“真他妈的过瘾。”詹姆斯对着电话说。这会儿,他躺在床上,盯着天花板上的大洞。
“别说脏话。”托马斯道,“你做了什么?”
詹姆斯大致说了说他把一碗水放在他的卧室地板上,又放了一勺钾进去后的情形。
“什么?”托马斯喊道,“老天!那说不定会要了你的小命!你为什么那么做?”
“是你要我做的呀!”詹姆斯喊道。
“我没有!”托马斯也冲他喊道,“我只是问你知不知道把钾放在水里后会发生什么!我并没有让你去那么做。老天。你很可能把整栋房子都炸毁。”

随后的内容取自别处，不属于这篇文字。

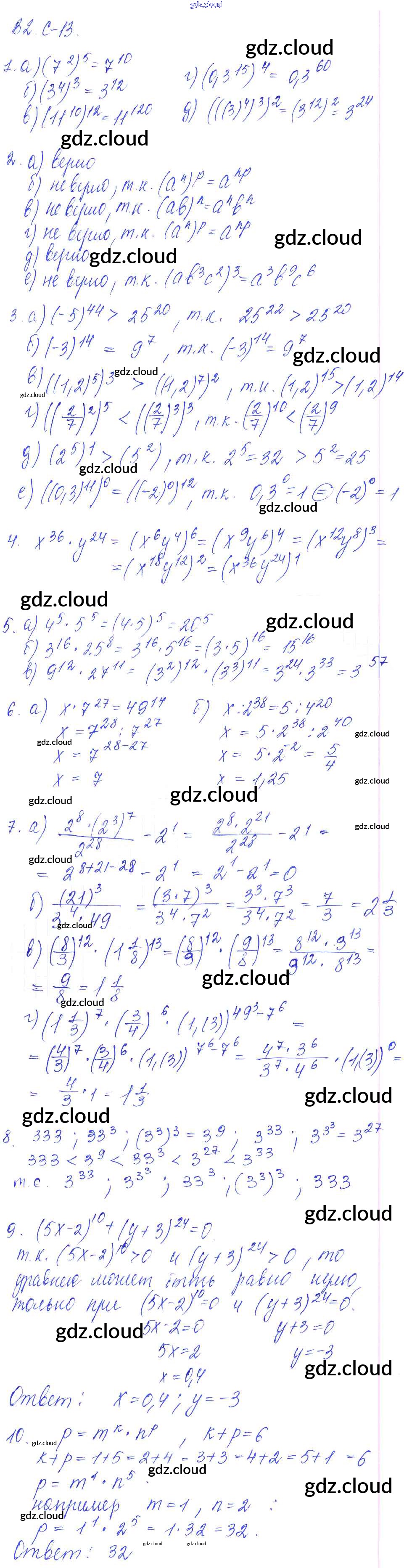 Ср-13 Ответы к Самостоятельным работам по Алгебре 7 класс Дидактические материалы Звавич УМК   Экзамен

“差一点就炸了。但是,如果我不亲自尝试一下,又怎么能知道会发生什么呢?”
“这是理论。”托马斯平静地说。他断断续续地唱道,“阿尔伯特说e等于mc的平方。”
“你说什么?”
“爱因斯坦的相对论。”托马斯叹息道,“老天,你该不会什么都不知道吧?”
“我知道e=mc2是什么意思。”詹姆斯喊道,“我是说,你刚才唱的是什么该死的玩意儿。”

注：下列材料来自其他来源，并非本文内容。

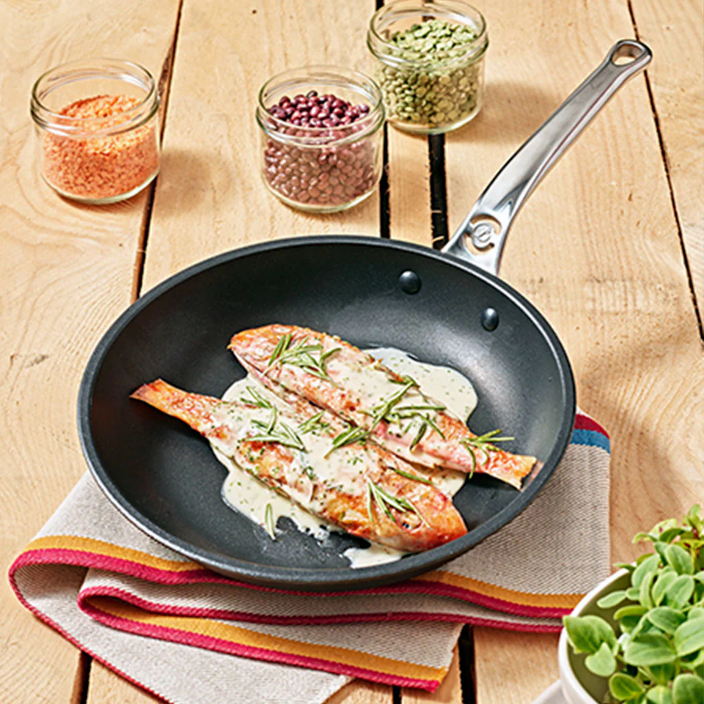 Es fabulosa para cocciones suaves, como pescado o legumbres, y el excepcional rendimiento antiadherente del recubrimiento te permite cocinar con muy poca grasa.

“啊。那首歌是《爱因斯坦加油》。风景乐队唱的。我就知道你没听过。”
“我听过那首汤姆……啊不,我是说那首《太空怪谈》。大卫·鲍伊唱的。是在视频网站上听的。”詹姆斯道,“挺好听的。就是有点伤感。我喜欢别的歌。比如《星光侠》和《火星生活》。他是不是只唱关于太空的歌?”
“他只是在那个阶段喜欢创作太空歌曲。你听过《钻石犬》吗?”
“一个阶段?就跟青春期一样吗?艾莉说我有点早熟,所以我才这么暴躁。我告诉她应该多和你说说话,那样她就能知道什么才是暴躁。”
詹姆斯听到托马斯做了个深呼吸。他轻轻地打了个哆嗦,想象着汤姆少校坐在太空舱里,与地球相距遥远,就跟歌里唱的一样。詹姆斯赶在托马斯开口前说道:“你都接受过什么宇航员培训?”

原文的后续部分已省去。